**WORK REQUIRED:**
Reproduce the full listing below unchanged, apart from the pictures.

**GIVEN MATERIAL:**
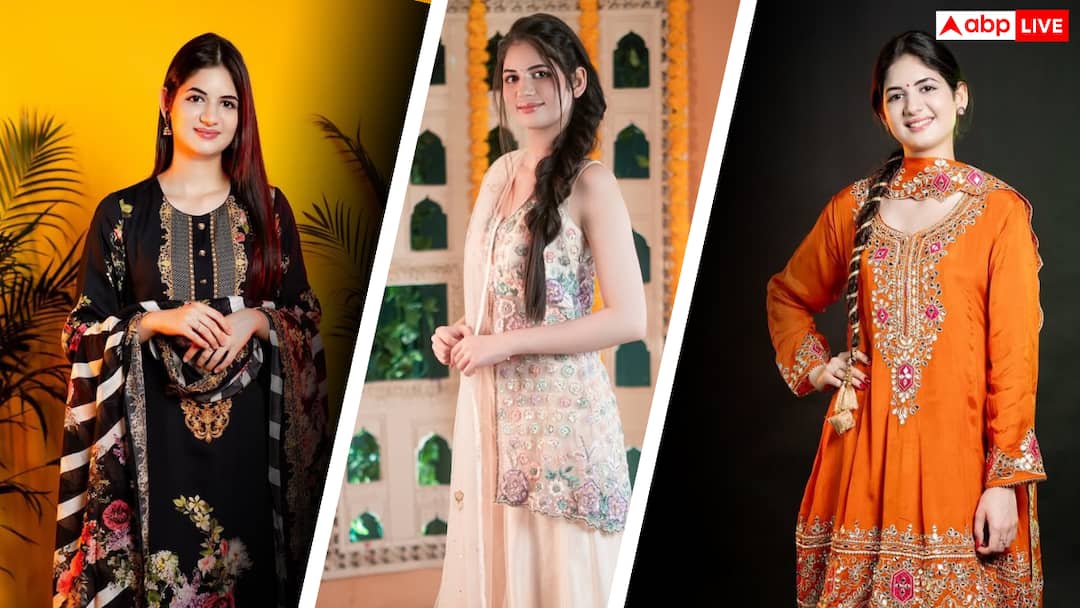 This simple style of Harshali is making her even more special. He is wearing a white and blue combination suit. Also, she is looking very beautiful with natural beauty and open hair.
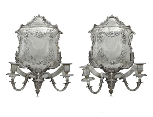 COPPIA DI APPLIQUES VITTORIANE IN ARGENTO, BIRMINGHAM, 1865, a scudo sbalzato a festoni fioriti, bordi a foglie, cartiglio liscio, doppio braccio a volute.
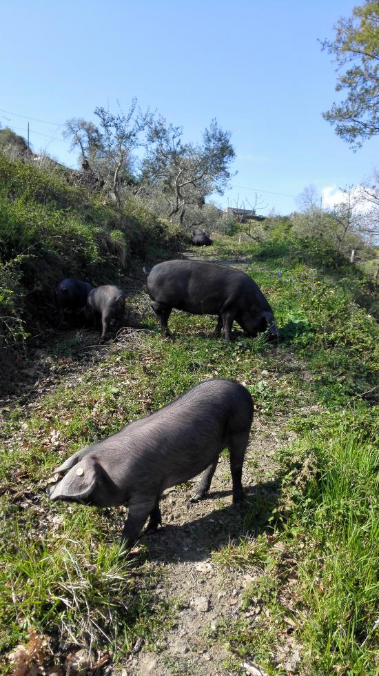Veramente molto belli, dalle foto vedo che sono già un bel gruppo, se nel frattempo che aspettiamo un venditore di ghiande,se ci vuoi raccontare della tua avventura e della scelta di questi riproduttori, che parecchi anni fa avevano provato a introdursi in Italia, ma poi si sono persi, credo per il fatto che si ci aspettava alcuni obbiettivi visti solo nell'allevamento industriale, ma non in quello all'aperto. Ed anche dei tuoi orientamenti verso la trasformazione. Ancora complimenti anche per il fatto di aiutare una razza in via di estinzione, e visto che stiamo andando verso la "BREXIT" hai intenzione di salvare altre razze "extracomunitarie", esempio la Tamworth, Suddleback,Berkshire?

**WRITTEN ANSWER:**
 This simple style of Harshali is making her even more special. He is wearing a white and blue combination suit. Also, she is looking very beautiful with natural beauty and open hair.
 COPPIA DI APPLIQUES VITTORIANE IN ARGENTO, BIRMINGHAM, 1865, a scudo sbalzato a festoni fioriti, bordi a foglie, cartiglio liscio, doppio braccio a volute.
Veramente molto belli, dalle foto vedo che sono già un bel gruppo, se nel frattempo che aspettiamo un venditore di ghiande,se ci vuoi raccontare della tua avventura e della scelta di questi riproduttori, che parecchi anni fa avevano provato a introdursi in Italia, ma poi si sono persi, credo per il fatto che si ci aspettava alcuni obbiettivi visti solo nell'allevamento industriale, ma non in quello all'aperto. Ed anche dei tuoi orientamenti verso la trasformazione. Ancora complimenti anche per il fatto di aiutare una razza in via di estinzione, e visto che stiamo andando verso la "BREXIT" hai intenzione di salvare altre razze "extracomunitarie", esempio la Tamworth, Suddleback,Berkshire?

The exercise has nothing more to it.